Example ODE 2
Solve the differential equation by Euler in $y(x)$, $a$ and $b$ constant:
$$ x^2 y'' + a x y' + b y = 0 $$
Again, we will abstract as much as possible from the solution $y(x)$ :
$$ \left[ x^2 \left( \frac{d}{dx} \right)^2 + \, a x \, \frac{d}{dx} + b \right]
y(x) = 0 $$
Employ the commutator $ [ d/dx , x ] = 1 $ for changing $ x.d/dx $ into
$ d/dx.x - 1 $ and herewith $ x.(x.d/dx).d/dx $ in $ x.d/dx . x.d/dx - x.d/dx $.
This is necessary for rewriting the O.D.E. a little bit, namely as follows:
$$ \left[ \left(x \frac{d}{dx} \right)^2 + (a - 1) \left(x \frac{d}{dx} \right)
+ b \right] y = 0 $$
Let's try to decompose in factors:
$$ \left(x \frac{d}{dx} \right)^2 + (a - 1) \left(x \frac{d}{dx} \right) + b =
\left( x \frac{d}{dx} - \lambda_1 \right)
\left( x \frac{d}{dx} - \lambda_2 \right) $$
Where $\lambda_1$ and $\lambda_2$ are roots of the characteristic equation:
$$ \lambda^2 + (a-1) \lambda + b = 0 $$
Herewith, the differential equation by Euler can be rewritten as:
$$ \left( x \frac{d}{dx} - \lambda_1 \right)
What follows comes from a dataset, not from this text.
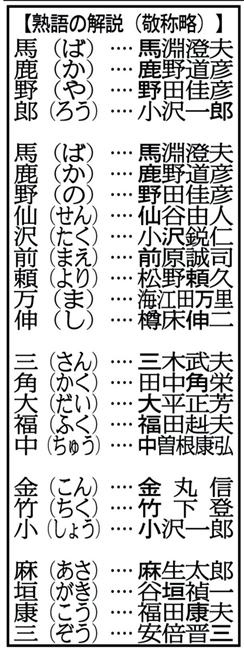 自民党政権下では、前出した「三角大福中」のほか、経世会全盛時の実力者3人を並べた「金竹小」(こんちくしょう)、小泉純一郎首相の後継を狙った「麻垣康三」(あさがきこうぞう)が知られている。

\left( x \frac{d}{dx} - \lambda_2 \right) y(x) = 0 $$
Or:
$$ x \left( \frac{d}{dx} - \frac{ \lambda_1}{x} \right)
x \left( \frac{d}{dx} - \frac{ \lambda_2}{x} \right) y(x) = 0 $$
We are going to use again the formula, as memorized from the Operator Calculus
(general theory) chapter:
$$ \frac{d}{dx} - \frac{\lambda_{1,2}}{x} =
e^{ - \int - \frac { \lambda_{1,2}}{ x } \, dx} \ \frac{d}{dx}\
e^{ + \int - \frac { \lambda_{1,2}}{ x } \, dx} $$
$$ = e^{\, \lambda_{1,2} log(x) } \ \frac{d}{dx}\ e^{\, - \lambda_{1,2} log(x) }
= x^{ \lambda_{1,2} } \frac{d}{dx}\ x^{ - \lambda_{1,2} } $$
Giving for the O.D.E. in its final form:
$$ x . x^{ \lambda_1 } \frac{d}{dx}\ x^{ - \lambda_1 }
x . x^{ \lambda_2 } \frac{d}{dx}\ x^{ - \lambda_2 } y(x) = 0 $$
Systematic integration is possible now:
$$ x^{-\lambda_1} x.x^{\lambda_2} \frac{d}{dx}\ x^{-\lambda_2} y(x) = C_1 \quad
; \quad x^{-\lambda_2} y(x) = C_1 \int x^{\lambda_1 - \lambda_2 - 1} \, dx $$
As has been said, $\lambda$ can be solved from $\lambda^2+(a-1)\lambda+b=0$,
a quadratic equation with discriminant: $ D=(a-1)^2-4 b $.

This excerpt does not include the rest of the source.